WHAT AN IDIOT!!!
If you dislike somebody,
Their each and every act becomes irritating.
They were on a wrong footing from start and somehow their wavelengths didn't quiet resonate.
He was no more than 5 feet 4,
a belly which was designed to bulge over the belt, tearing through the bottom two buttons, a round face which had a perennial moronic grin, a large mole at the root of his nose and greasy sparse hair which were stretched across a balding head and a weight which would have been a burden on any knees.
Annoying was his habit,
of wearing his glasses low on his nose,
of the way he shook his knee whilst talking,
of licking his lips after sipping his coffee.

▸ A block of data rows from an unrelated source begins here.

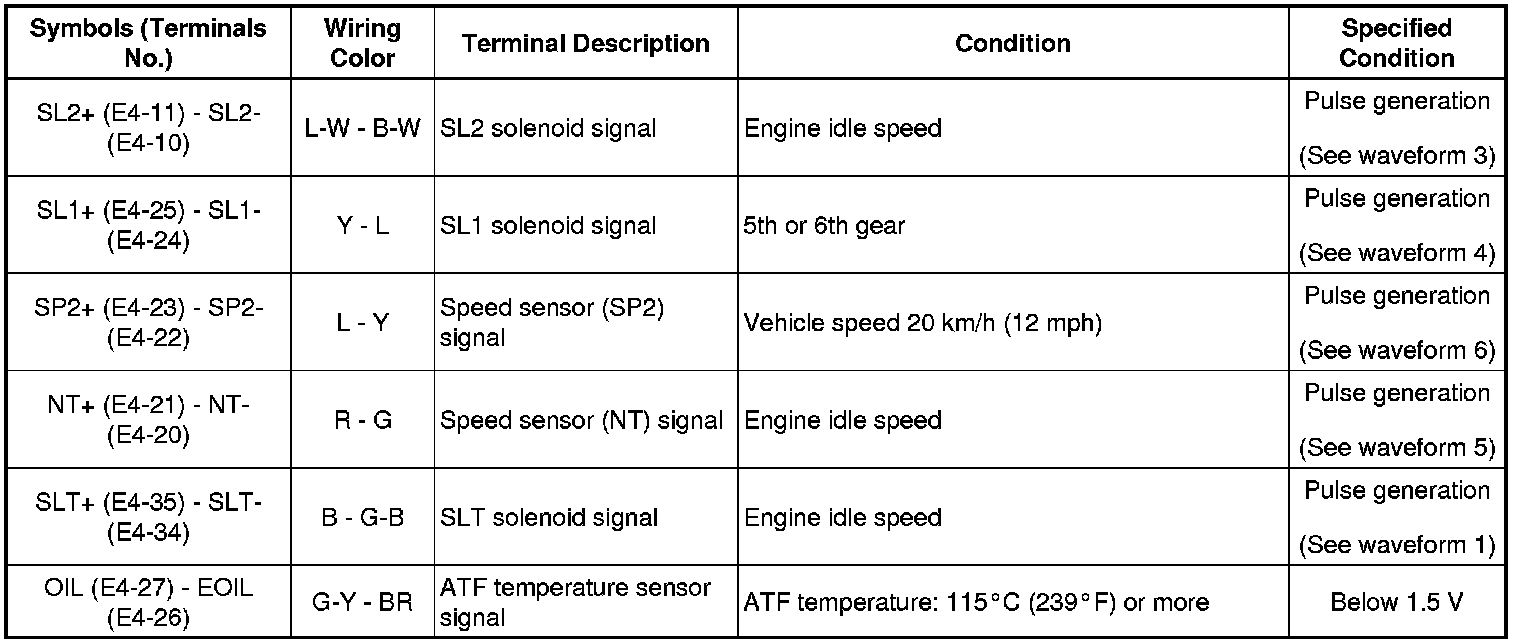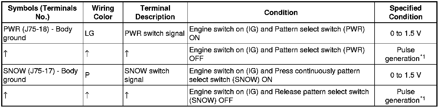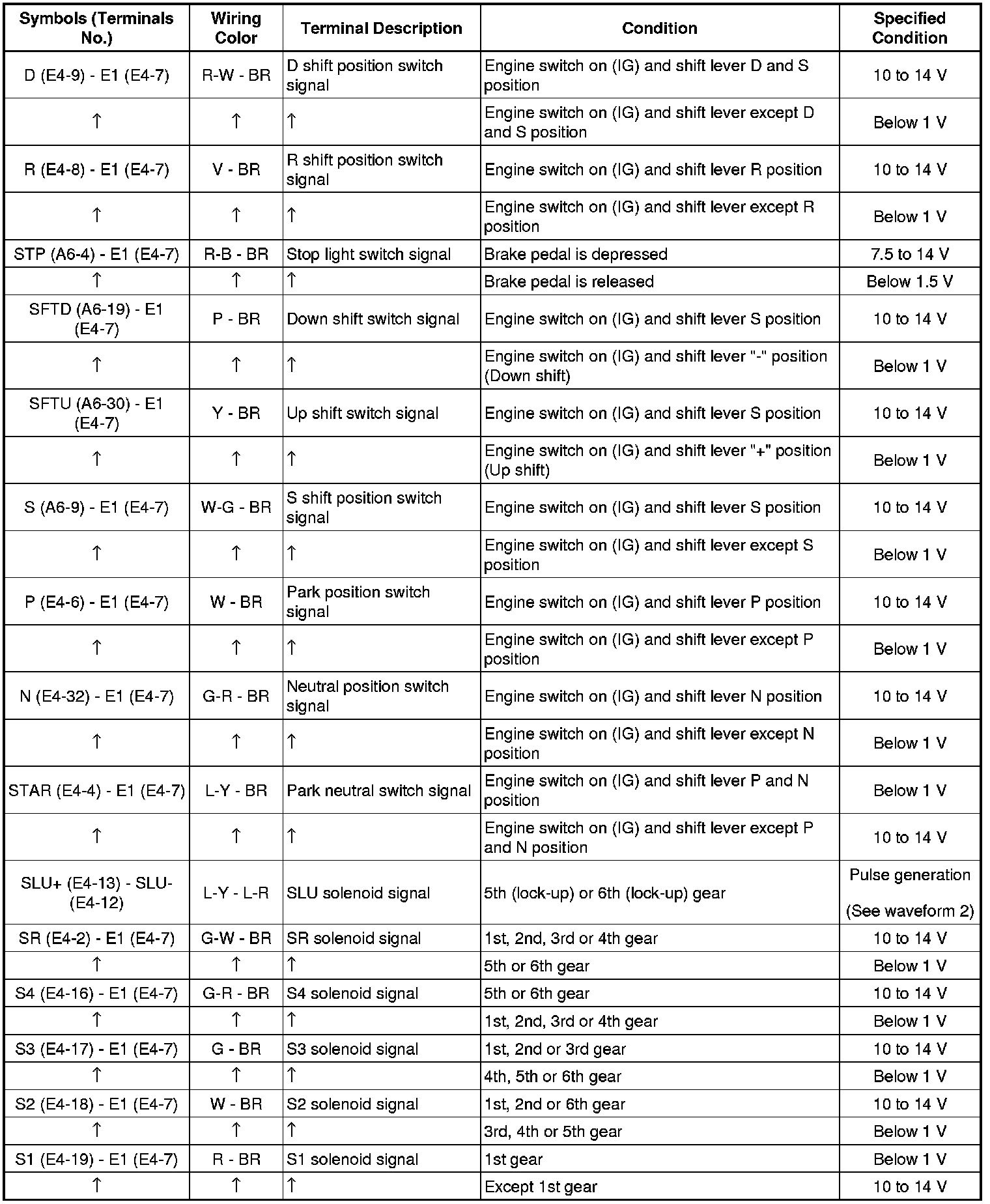 In the table, first follow the information under "Condition". Look under "Symbols (Terminal No.)" for the terminals to inspected. The standard voltage between the terminals is shown under "Specific Condition".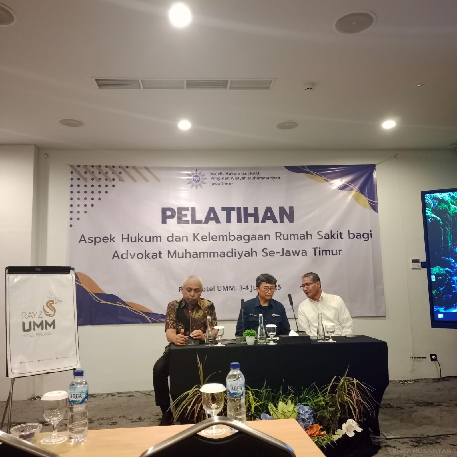 Pelatihan bagi advokat Muhammadiyah se Jawa Timur itu berlangsung di Rays Hotel UMM, Malang, Selasa-Rabu, 2-3 Juni 2025. Membahas aspek hukum dan kelembagaan rumah sakit.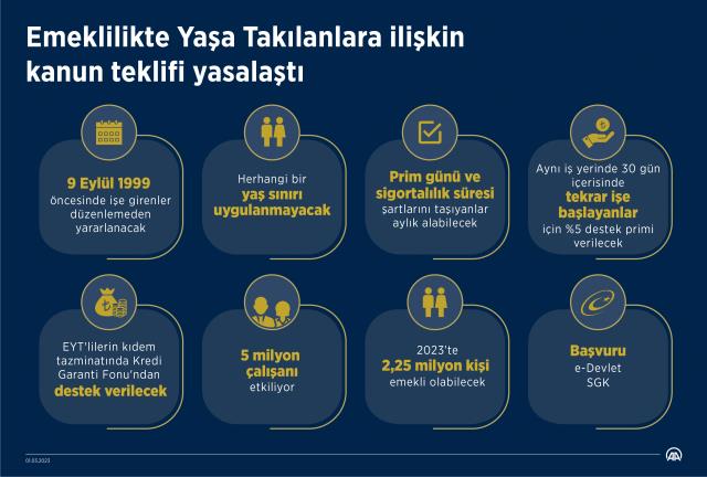 EYT'de herhangi bir yaş sınırı uygulanmayacak. Toplam 5 milyon çalışanı etkileyen düzenlemeyle, 2023 yılında 2 milyon 250 bin kişi emekli olabilecek.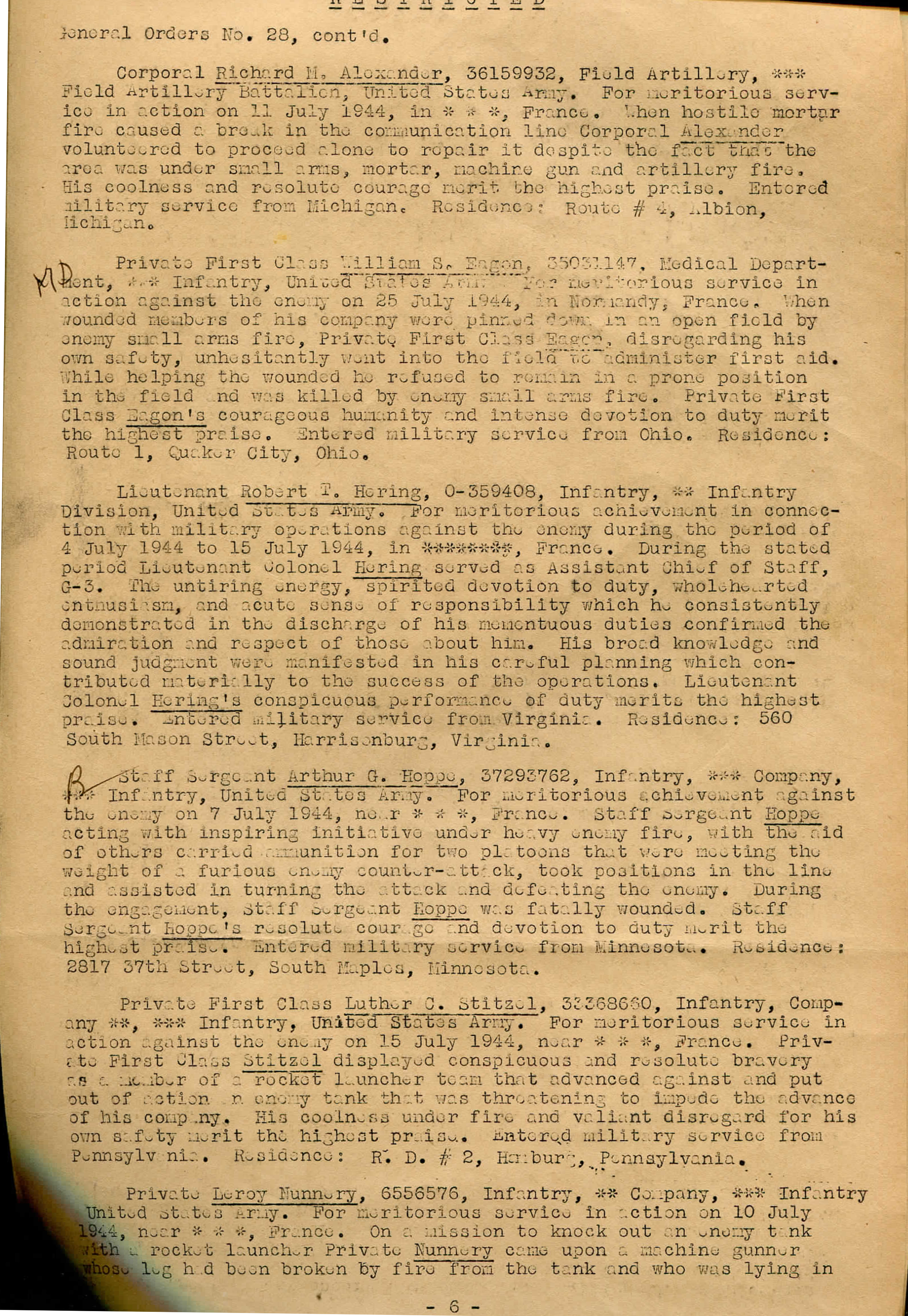 For meritorious achievement against the enemy on 7 July 1944, near ***, France. Staff Sergeant Hoppe acting with inspiring initiative under heavy enemy fire, with the aid of others carried ammunition for two platoons that were meeting the weight of a furious enemy counter-attack, took positions in the line and assisted in turning the attack and defeating the enemy. During the engagement, Staff Sergeant Hoppe was fatally wounded. Staff Sergeant Hoppe's resolute courage and devotion to duty merit the highest praise. |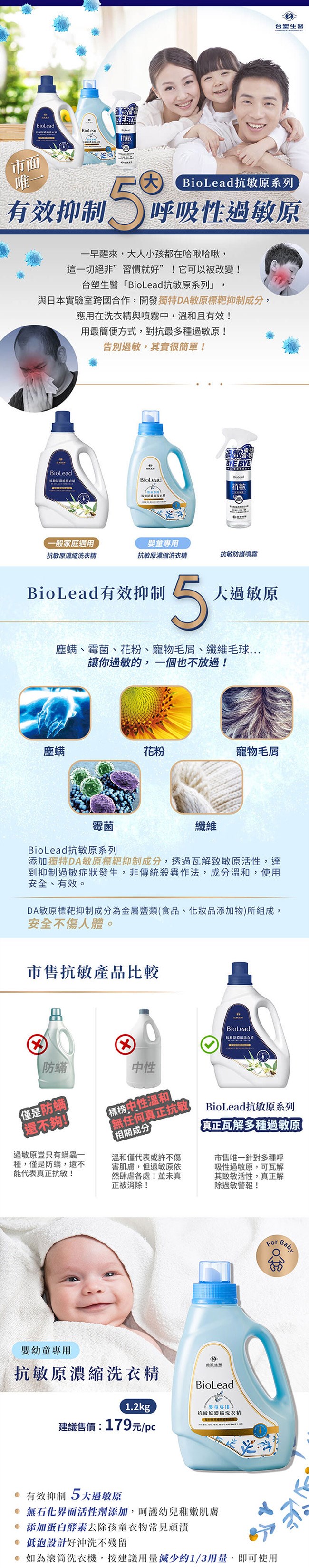 品名:BioLead抗敏原濃縮洗衣精 嬰幼兒衣物專用(5瓶+10包)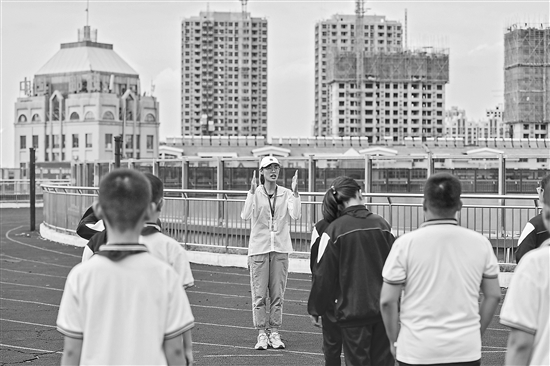 9月20日,齐河县第六小学学生在空中运动场上体育课。这所地处闹市的学校将地下停车、地上教学、运动场地分层穿插布局巧妙融合,节地率达到54%。

His speech was poor in diction and in content...
Never did he make any useful suggestions or comments, in the past year he came to the hospital.
There was no bigger a contrast one would witness,
as between him and his senior partner.
The other one was atleast 6 feet, wore well ironed clothes, always had a well groomed moustache like in an advert, had an air of knowledge around him and his command on his speech and its usage was impeccable.
Unsurprisingly, the short one hadn't climbed the company ranks and the taller one had quickly outranked him.
So, his job usually entailed doing the coffee runs for the others and updating his sales record on the laptop, whilst his clever partner helped the surgeon in theatre.
That day was proving to be very stressful for the Surgeon.
No matter what he tried, he couldn't reach the cartilage with any device and the deformed joint was proving to be a challenge. Tiredness was soon replaced by frustration.
The 2 medical reps who were supposed to bring the new devices hadn't turned up either.
After a 3 hour struggle, he paused, scrubbed out, threw his gloves and apron in disgust.
Sat in the coffee room was the irritating rep. He glanced through the window , saw the surgeon and went out to get him a mocha.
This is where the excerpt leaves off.